▸ Supplied records:

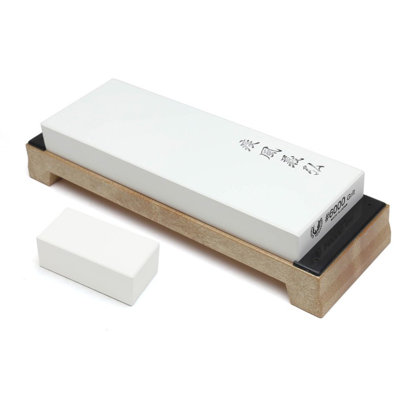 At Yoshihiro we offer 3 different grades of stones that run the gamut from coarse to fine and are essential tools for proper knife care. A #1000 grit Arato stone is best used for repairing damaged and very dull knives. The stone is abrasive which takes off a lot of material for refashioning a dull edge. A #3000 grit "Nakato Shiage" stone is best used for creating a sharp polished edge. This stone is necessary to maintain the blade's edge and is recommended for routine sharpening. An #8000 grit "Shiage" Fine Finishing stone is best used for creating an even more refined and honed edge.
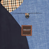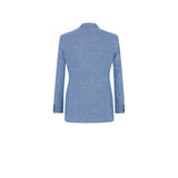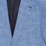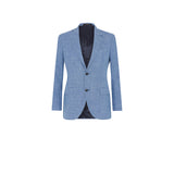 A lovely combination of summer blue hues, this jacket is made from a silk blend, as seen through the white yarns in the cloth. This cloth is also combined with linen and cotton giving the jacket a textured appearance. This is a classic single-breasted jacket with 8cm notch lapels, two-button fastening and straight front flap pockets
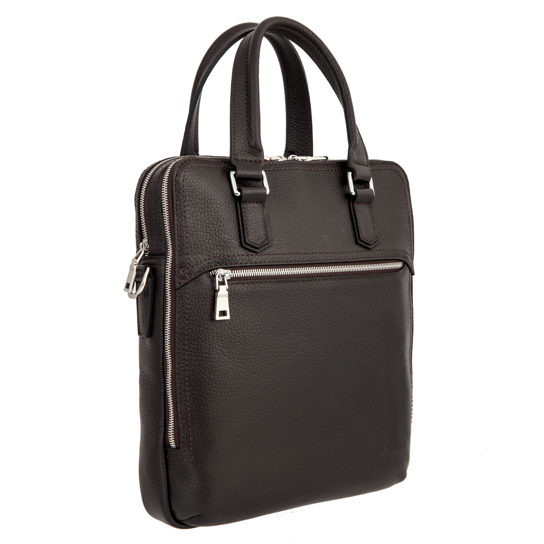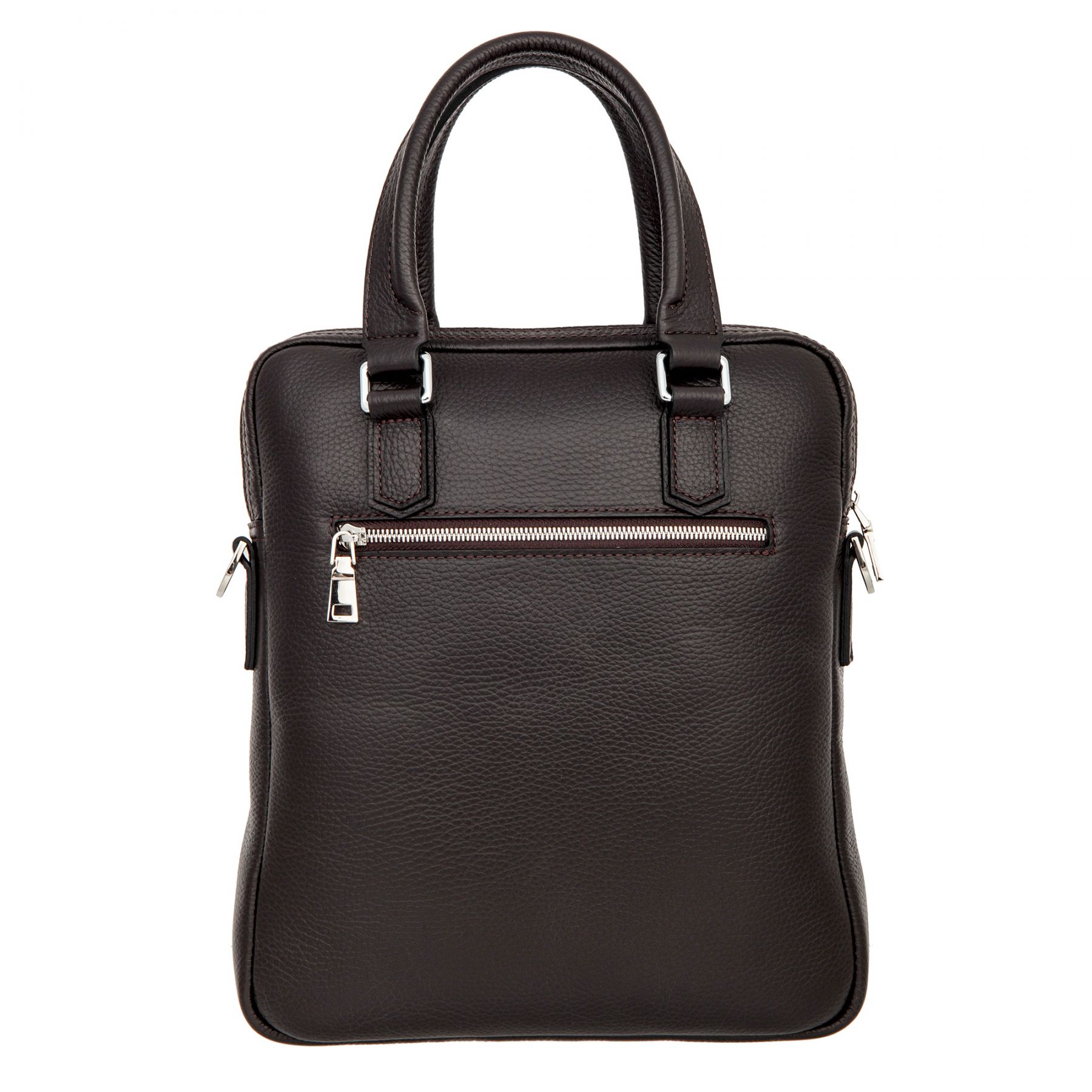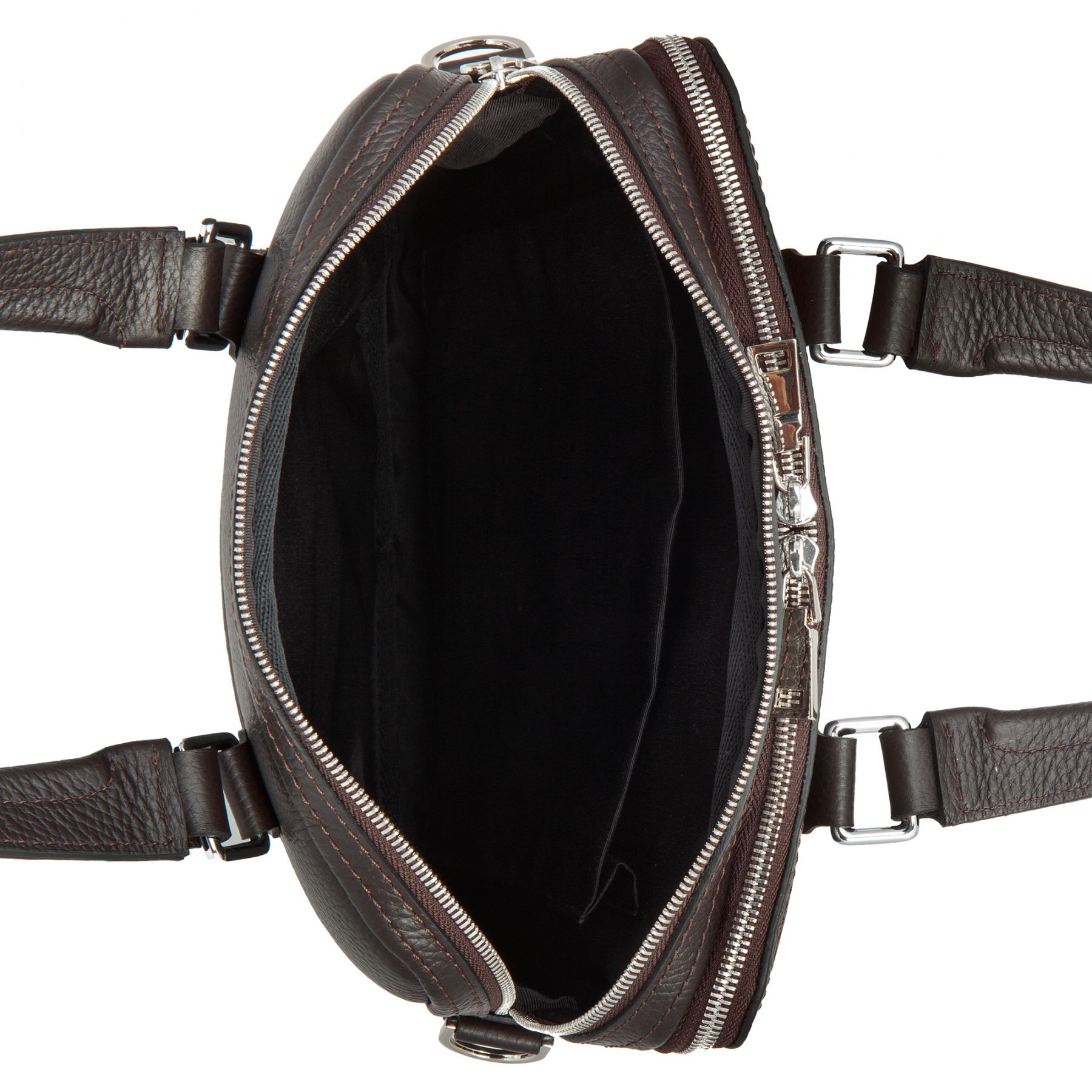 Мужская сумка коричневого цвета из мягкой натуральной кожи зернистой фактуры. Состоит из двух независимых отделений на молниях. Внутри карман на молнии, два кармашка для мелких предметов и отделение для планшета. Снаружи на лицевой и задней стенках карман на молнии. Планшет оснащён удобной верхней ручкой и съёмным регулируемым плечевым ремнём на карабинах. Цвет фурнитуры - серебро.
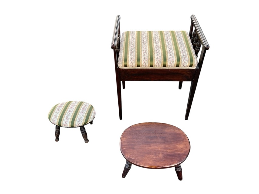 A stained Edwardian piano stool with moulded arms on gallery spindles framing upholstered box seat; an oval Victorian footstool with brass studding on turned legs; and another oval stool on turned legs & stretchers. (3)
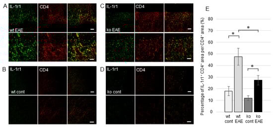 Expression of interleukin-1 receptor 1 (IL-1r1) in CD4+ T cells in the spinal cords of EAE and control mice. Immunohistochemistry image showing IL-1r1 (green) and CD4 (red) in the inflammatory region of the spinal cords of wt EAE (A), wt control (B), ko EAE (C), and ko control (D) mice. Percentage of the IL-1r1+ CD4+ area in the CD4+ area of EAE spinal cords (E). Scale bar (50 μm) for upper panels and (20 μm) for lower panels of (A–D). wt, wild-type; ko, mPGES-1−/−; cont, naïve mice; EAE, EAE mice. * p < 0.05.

▸ What the task asks:
Set down exactly, and only, the lines from the one holding "A lovely combination" to the end of the records above, leaving every picture out.

▸ Worked solution:
 A lovely combination of summer blue hues, this jacket is made from a silk blend, as seen through the white yarns in the cloth. This cloth is also combined with linen and cotton giving the jacket a textured appearance. This is a classic single-breasted jacket with 8cm notch lapels, two-button fastening and straight front flap pockets
 Мужская сумка коричневого цвета из мягкой натуральной кожи зернистой фактуры. Состоит из двух независимых отделений на молниях. Внутри карман на молнии, два кармашка для мелких предметов и отделение для планшета. Снаружи на лицевой и задней стенках карман на молнии. Планшет оснащён удобной верхней ручкой и съёмным регулируемым плечевым ремнём на карабинах. Цвет фурнитуры - серебро.
 A stained Edwardian piano stool with moulded arms on gallery spindles framing upholstered box seat; an oval Victorian footstool with brass studding on turned legs; and another oval stool on turned legs & stretchers. (3)
 Expression of interleukin-1 receptor 1 (IL-1r1) in CD4+ T cells in the spinal cords of EAE and control mice. Immunohistochemistry image showing IL-1r1 (green) and CD4 (red) in the inflammatory region of the spinal cords of wt EAE (A), wt control (B), ko EAE (C), and ko control (D) mice. Percentage of the IL-1r1+ CD4+ area in the CD4+ area of EAE spinal cords (E). Scale bar (50 μm) for upper panels and (20 μm) for lower panels of (A–D). wt, wild-type; ko, mPGES-1−/−; cont, naïve mice; EAE, EAE mice. * p < 0.05.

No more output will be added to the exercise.